Shift in Stablecoin Regulation
Figure Markets CEO Mike Cagney called YLDS a “transformative play” in the financial sector. According to Cagney, YLDS could reshape cross-border payments, exchange collateral, and traditional payment networks, further accelerating the integration of TradFi and blockchain. YLDS is part of Figure Markets’ broader push into tokenized real-world assets. Per reports, the company, alongside Figure Technology Solutions, has facilitated over $41 billion in RWA transactions on the Provenance Blockchain, with $13 billion in total locked value (TVL). By integrating stablecoins with financial markets, Figure aims to drive mainstream adoption of blockchain-based financial products. The SEC’s approval process for YLDS began over a year ago, signaling a potential shift in stablecoin regulations. As stablecoins grow in popularity—now worth over $225 billion, according to DeFiLlama—regulatory clarity becomes increasingly important.

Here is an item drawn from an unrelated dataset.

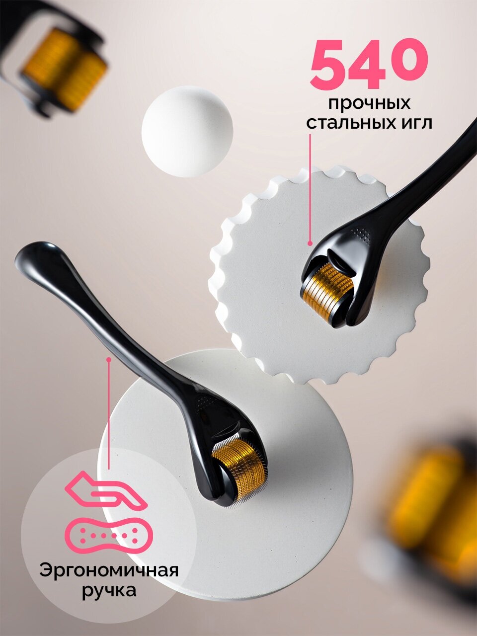 Мезороллер для лица, REVOLUT, Роллер для роста бороды и волос, Дермароллер от морщин, Игла 2 мм, 540 игл

The Future of Regulated Stablecoins
With the SEC’s approval of YLDS, experts anticipate that more yield-bearing stablecoins could emerge under similar frameworks. However, regulatory approvals may take six to twelve months for new entrants. Meanwhile, U.S. policymakers are paying closer attention to stablecoins. The Trump administration’s recent executive order on digital assets highlighted stablecoin growth, while Congress continues working on a formal regulatory framework. Major institutions like PayPal, BitGo, and Ripple have also expanded into stablecoins, signaling further institutional adoption of blockchain-based financial instruments.
The approval of YLDS by the SEC marks a significant milestone in the development of interest-bearing stablecoins registered as securities. This paves the way for new blockchain-based financial instruments that could transform the traditional financial sector and accelerate its integration with new technologies.